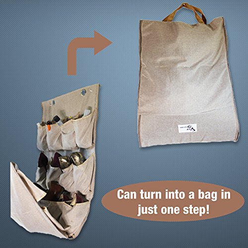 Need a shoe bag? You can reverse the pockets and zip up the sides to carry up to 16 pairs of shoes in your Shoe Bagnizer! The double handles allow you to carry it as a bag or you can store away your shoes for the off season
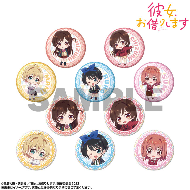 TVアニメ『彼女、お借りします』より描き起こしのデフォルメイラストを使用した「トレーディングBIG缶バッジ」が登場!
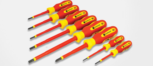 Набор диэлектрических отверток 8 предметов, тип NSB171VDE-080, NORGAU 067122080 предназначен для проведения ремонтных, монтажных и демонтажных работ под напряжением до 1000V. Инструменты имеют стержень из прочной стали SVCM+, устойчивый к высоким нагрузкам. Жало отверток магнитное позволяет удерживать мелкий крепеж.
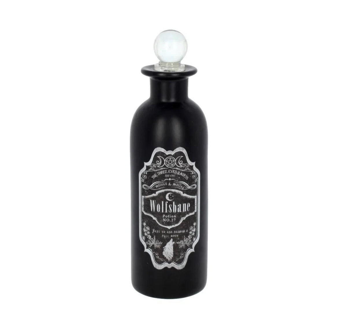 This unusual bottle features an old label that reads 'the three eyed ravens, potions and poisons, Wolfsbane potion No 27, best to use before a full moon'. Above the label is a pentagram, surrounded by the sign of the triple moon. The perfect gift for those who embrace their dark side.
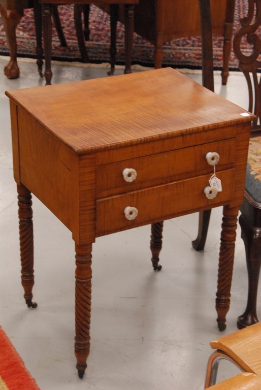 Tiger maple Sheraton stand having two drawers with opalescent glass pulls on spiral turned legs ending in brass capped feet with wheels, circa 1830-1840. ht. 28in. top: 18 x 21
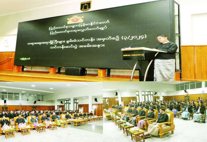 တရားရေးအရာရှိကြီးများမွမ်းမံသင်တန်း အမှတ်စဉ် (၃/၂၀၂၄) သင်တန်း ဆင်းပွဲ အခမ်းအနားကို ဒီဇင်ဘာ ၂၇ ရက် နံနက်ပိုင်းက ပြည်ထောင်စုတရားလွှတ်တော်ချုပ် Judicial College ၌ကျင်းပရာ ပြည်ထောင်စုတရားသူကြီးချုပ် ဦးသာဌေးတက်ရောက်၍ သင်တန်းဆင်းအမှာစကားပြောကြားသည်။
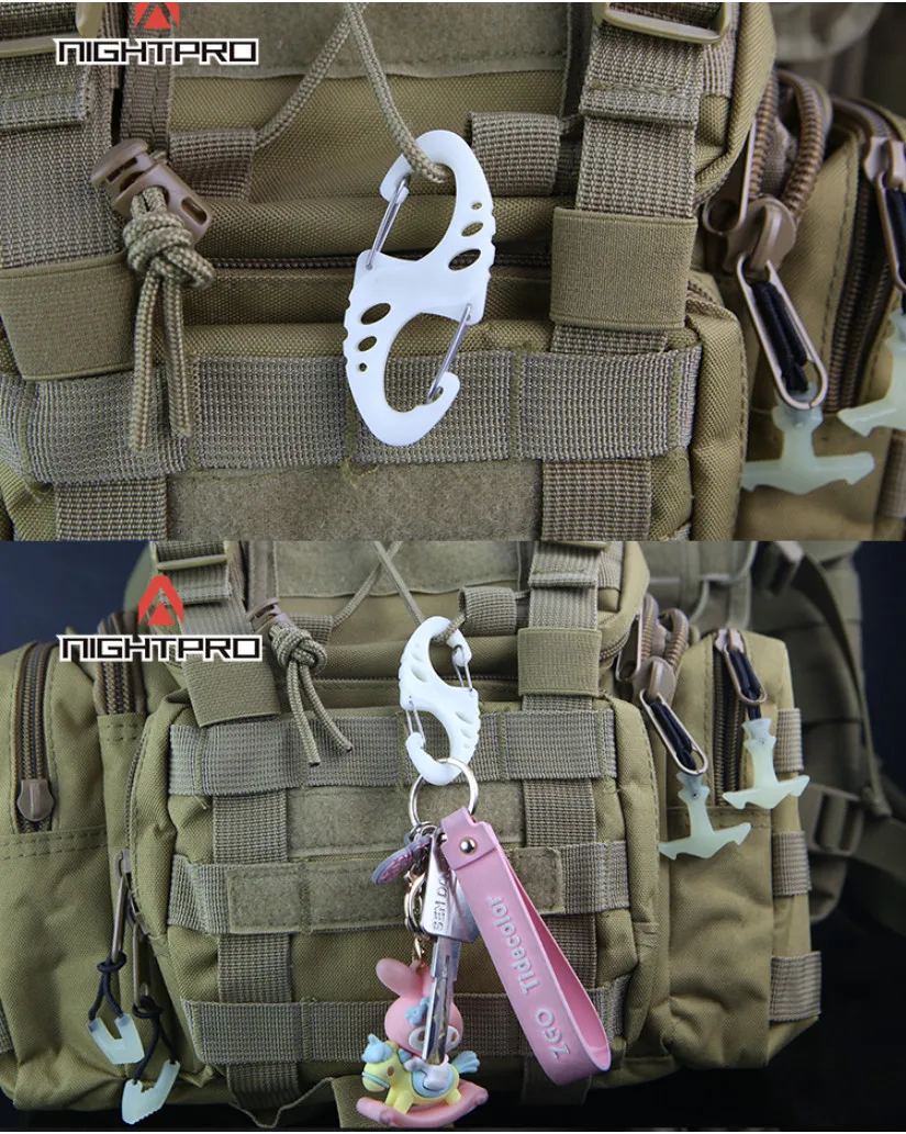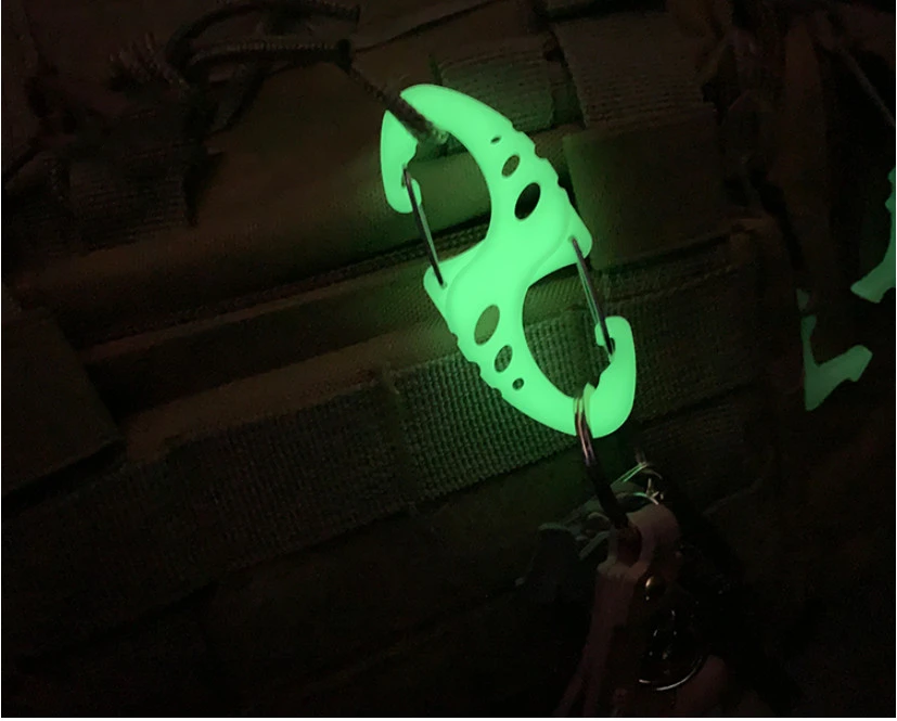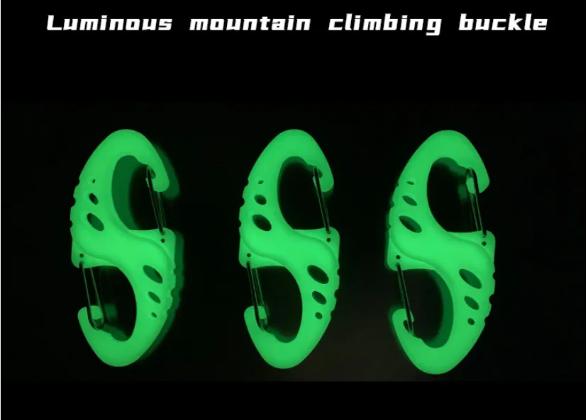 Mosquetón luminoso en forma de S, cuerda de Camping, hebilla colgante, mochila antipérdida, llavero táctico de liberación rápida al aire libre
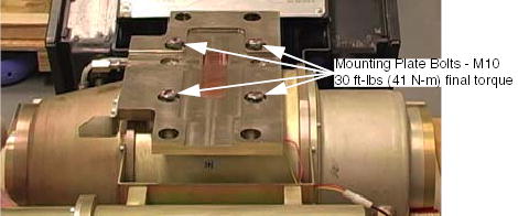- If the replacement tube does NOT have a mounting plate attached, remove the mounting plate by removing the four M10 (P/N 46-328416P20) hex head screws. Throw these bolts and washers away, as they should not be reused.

= = = =

▸ Work required
Leave out all pictures and output each line exactly, from the top of the records through the line that holds "တရားရေးအရာရှိကြီးများမွမ်းမံသင်တန်း အမှတ်စဉ် (၃/၂၀၂၄)".

▸ Worked solution
 Need a shoe bag? You can reverse the pockets and zip up the sides to carry up to 16 pairs of shoes in your Shoe Bagnizer! The double handles allow you to carry it as a bag or you can store away your shoes for the off season
 TVアニメ『彼女、お借りします』より描き起こしのデフォルメイラストを使用した「トレーディングBIG缶バッジ」が登場!
 Набор диэлектрических отверток 8 предметов, тип NSB171VDE-080, NORGAU 067122080 предназначен для проведения ремонтных, монтажных и демонтажных работ под напряжением до 1000V. Инструменты имеют стержень из прочной стали SVCM+, устойчивый к высоким нагрузкам. Жало отверток магнитное позволяет удерживать мелкий крепеж.
 This unusual bottle features an old label that reads 'the three eyed ravens, potions and poisons, Wolfsbane potion No 27, best to use before a full moon'. Above the label is a pentagram, surrounded by the sign of the triple moon. The perfect gift for those who embrace their dark side.
 Tiger maple Sheraton stand having two drawers with opalescent glass pulls on spiral turned legs ending in brass capped feet with wheels, circa 1830-1840. ht. 28in. top: 18 x 21
 တရားရေးအရာရှိကြီးများမွမ်းမံသင်တန်း အမှတ်စဉ် (၃/၂၀၂၄) သင်တန်း ဆင်းပွဲ အခမ်းအနားကို ဒီဇင်ဘာ ၂၇ ရက် နံနက်ပိုင်းက ပြည်ထောင်စုတရားလွှတ်တော်ချုပ် Judicial College ၌ကျင်းပရာ ပြည်ထောင်စုတရားသူကြီးချုပ် ဦးသာဌေးတက်ရောက်၍ သင်တန်းဆင်းအမှာစကားပြောကြားသည်။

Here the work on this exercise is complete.